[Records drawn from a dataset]
***
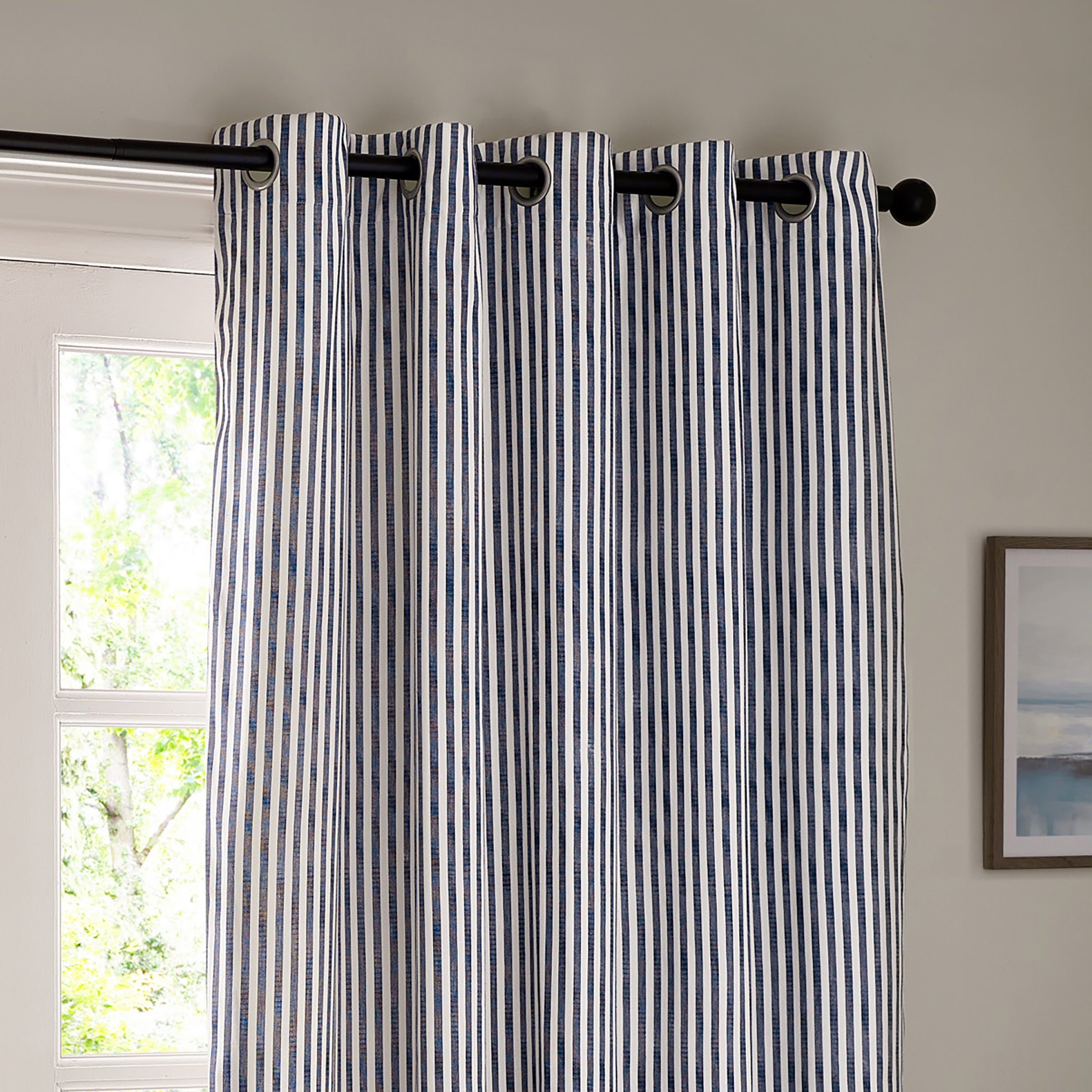 Login Apply for a trade accountHebden Striped 100% Cotton Lined Eyelet Curtains Navy
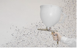 При помощи специального флокового пистолета на расстоянии 40-60 см от стены нанесите флоки на еще влажную базу до максимального насыщения (рис.5).
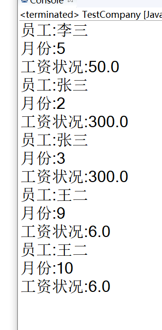 System.out.println("员工:"+test.name+"\n月份:"+month+"\n工资状况:"+test.getSalary(month));
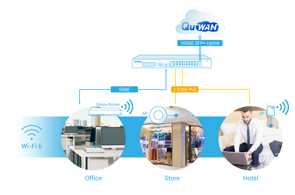 - POS System: 30-watt PoE capabilities, supports running QTS for centrally storing sales data. When used with QuWAN (an SD-WAN solution featuring IPSec VPN), staff and management can easily access an ERP system based in company headquarters/data centers.
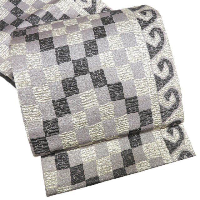 - 袋帯 未使用 正絹 フォーマル 仕立て上がり 六通 市松模様 箔糸 鼠色 黒色 銀 きもの北條 A1158-15
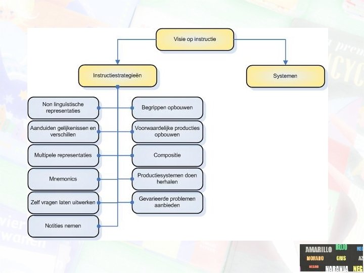 Combineren van instructiestrategieën • • Strategieën niet geïsoleerd gebruiken. Combineren. Stap-voor-stap opbouwen. Bijvoorbeeld – Verwerken complexe tekst • • Tekening Mindmap Korte samenvatting Analogie uitwerken of metafoor
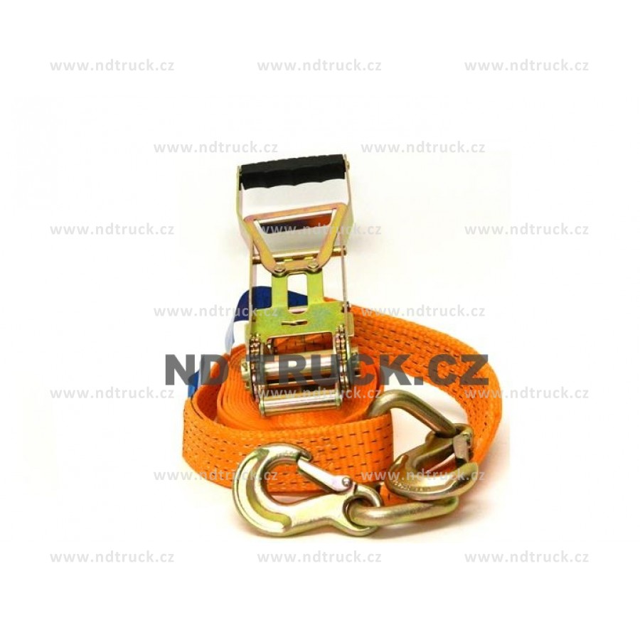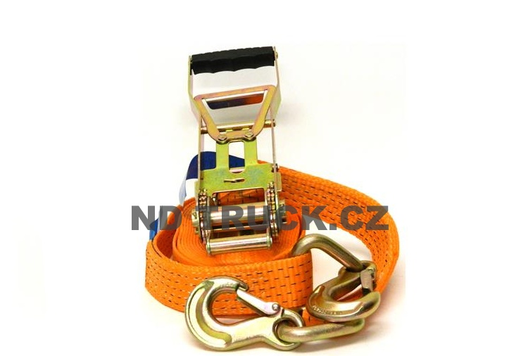 Pás upínací 5t,10m s krátkou ráčnou, s karabinami, háky, popruh
***
→ **What you should do**: Go to the line above that has "- POS System: 30-watt" and copy exactly from there down to the line that has "Combineren van instructiestrategieën", both included. Leave the pictures out.

→ **Answer below**:
 - POS System: 30-watt PoE capabilities, supports running QTS for centrally storing sales data. When used with QuWAN (an SD-WAN solution featuring IPSec VPN), staff and management can easily access an ERP system based in company headquarters/data centers.
 - 袋帯 未使用 正絹 フォーマル 仕立て上がり 六通 市松模様 箔糸 鼠色 黒色 銀 きもの北條 A1158-15
 Combineren van instructiestrategieën • • Strategieën niet geïsoleerd gebruiken. Combineren. Stap-voor-stap opbouwen. Bijvoorbeeld – Verwerken complexe tekst • • Tekening Mindmap Korte samenvatting Analogie uitwerken of metafoor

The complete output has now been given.